Abramovich comprou o time inglês Chelsea; Patarkatsvili, o Dínamo, da Geórgia; e Berezovski, de repente, apareceu no Brasil, através do testa-de-ferro Joorabchian, o iraniano de olhos esbugalhados, que comprou o Corinthians, prometendo investir US$ 60 milhões logo este ano: US$ 20 milhões para pagar dívidas e US$ 40 milhões na compra de jogadores.

O TESTA DE FERRO
Futebol, no mundo todo, é uma das mais manjadas maneiras de os mafiosos lavarem dinheiro de origem inconfessada. A "operação" Corinthians é ridícula. Joorabchian registrou, em outubro, a empresa "MSI - Brasil Participações Ltda.", que logo virou "MSI Licenciamentos e Administração Ltda.", com capital de R$ 1 mil (sic), em nome dos advogados Carlos Fernando Sampaio Marques e Alexandre Verri, depois substituído por Maurício Fleury Pereira Leitão, todos do escritório Veirano Associados, representante da MSI, que já comprou o argentino Tevez por US$ 22 milhões, sem registrar no Banco Central.
Joorabchian confessa: "A MSI (Media Sports Investments) foi formada para essa negociação. Temos um grupo muito grande, que atua em diferentes áreas, como petrolífera, mídia, entretenimento. Não tínhamos empresa ligada a futebol. Então criamos a MSI, uma off-shore (empresa para colocar dinheiro e corporações a salvo dos países), nas Ilhas Virgens Britânicas" (Folha).
Qual "o grupo" por trás de Kia Joorabchian?
A "Veja" contou:"O iraniano Joorabchian jura que os US$ 60 milhões que sua empresa, a MSI, investiu no Corinthians, nada têm a ver com o magnata Boris Berezovski, acusado de envolvimento com a máfia russa. Difícil é convencer o presidente do clube, Alberto Dualibi. Há seis meses, Kia levou Dualibi para jantar na mansão de seu amigo Boris, na Inglaterra. Lá, encontrou dois filhos do anfitrião envergando o uniforme do time alvinegro".

A IMPRENSA E O GOVERNO
Inacreditável é a cumplicidade da imprensa e do governo. Nossas briosas TVs e jornalões trataram Joorabchian como um São Francisco do futebol, com visto vencido. Na "Folha", o jornalista Fernando Mello agia como porta-voz exclusivo. E, de repente, aparece como assessor de imprensa da MSI. A "Folha" mudou de tom, mas ainda não fez um "Erramos" ou mea-culpa no ombudsman.
O governo, pior ainda.
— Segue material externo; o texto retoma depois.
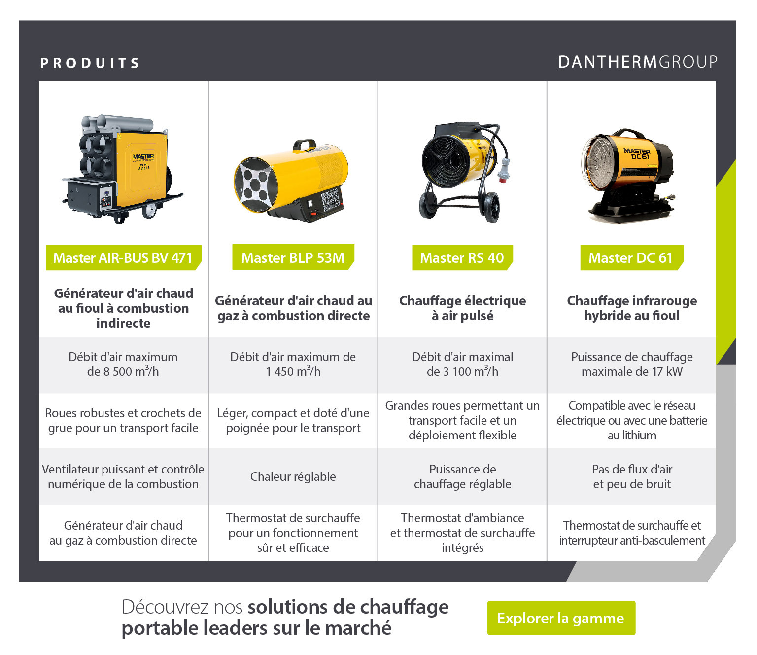 Avec un héritage de contrôle climatique remontant à 1954, Dantherm Group est le leader européen des appareils de chauffage portables efficaces, durables et résistants.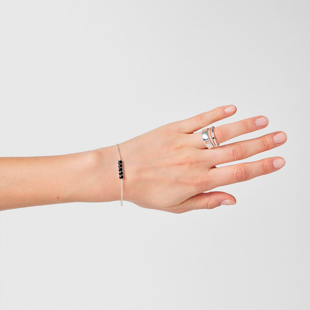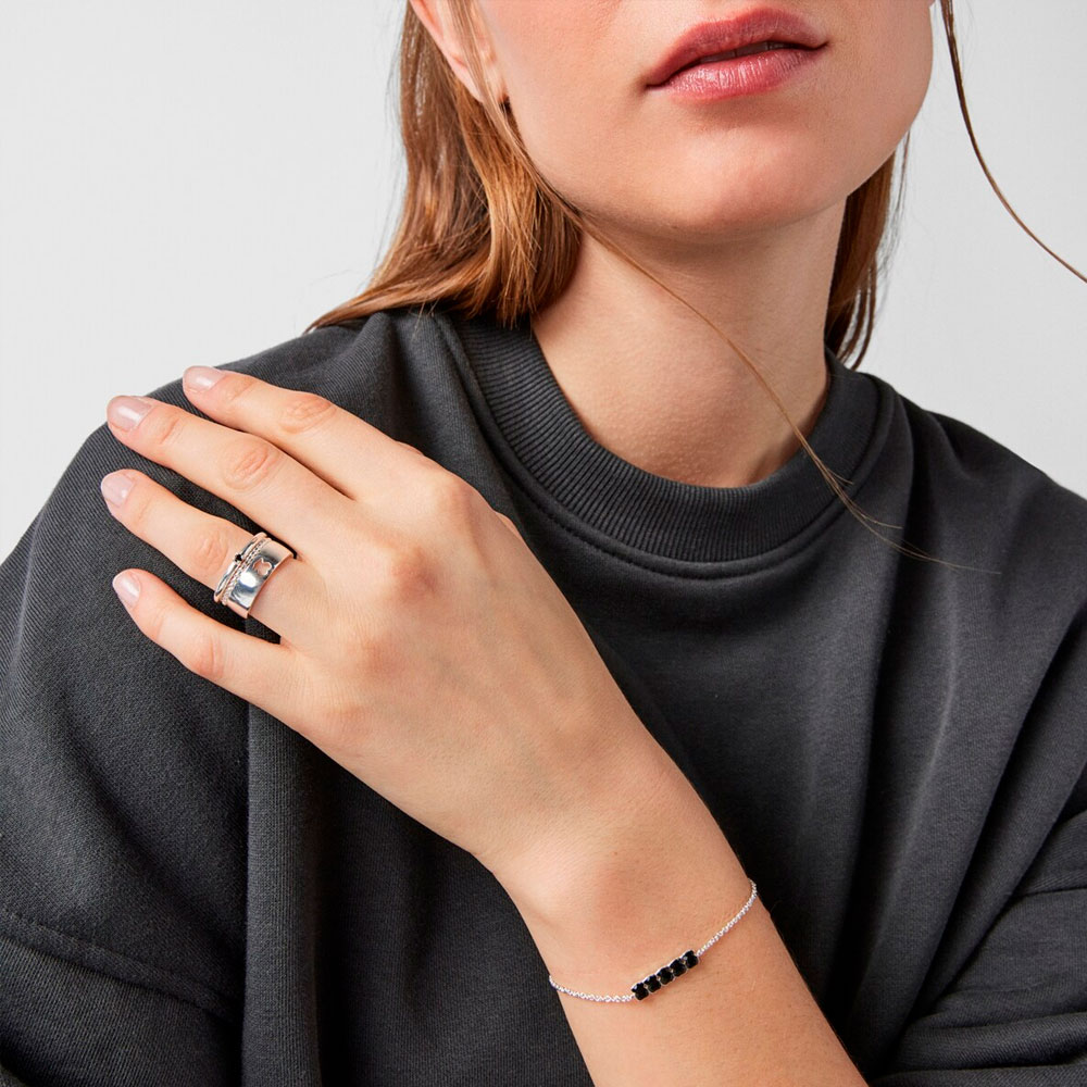 Браслет TOUS Mini Onix из серебра высшей пробы с 5 мишками из оникса.

Lula é conselheiro do Corinthians, onde dá palpite de todo tipo, até sobre batida de lateral. Genoino também é conselheiro. José Dirceu é sócio. Waldomiro Diniz, não sei. O ministro Agnello Queiroz não poderia alegar não saber de nada, por ser baiano: será que o governo não leu o minucioso relatório da Abin que conta tudo e está no Ministério Público?
Ainda bem que muita gente cumpriu seu dever: Rubens Approbato, ex-presidente da OAB; Valdemar Pires, ex-presidente do Corinthians; Roque Citadini, presidente do Tribunal de Contas e vice-presidente do clube; Eduardo Rocha Azevedo, ex-presidente da Bolsa; Manuel Cintra, presidente da BMF; o deputado Romeu Tuma; os desembargadores, juízes e promotores do Conselho do Corinthians; e, na imprensa, sobretudo o bravo jornalista Juca Kfouri.

Sebastião Nery

(Tribuna da Imprensa online, www.tribunadaimprensa.com.br, 10/02/2005)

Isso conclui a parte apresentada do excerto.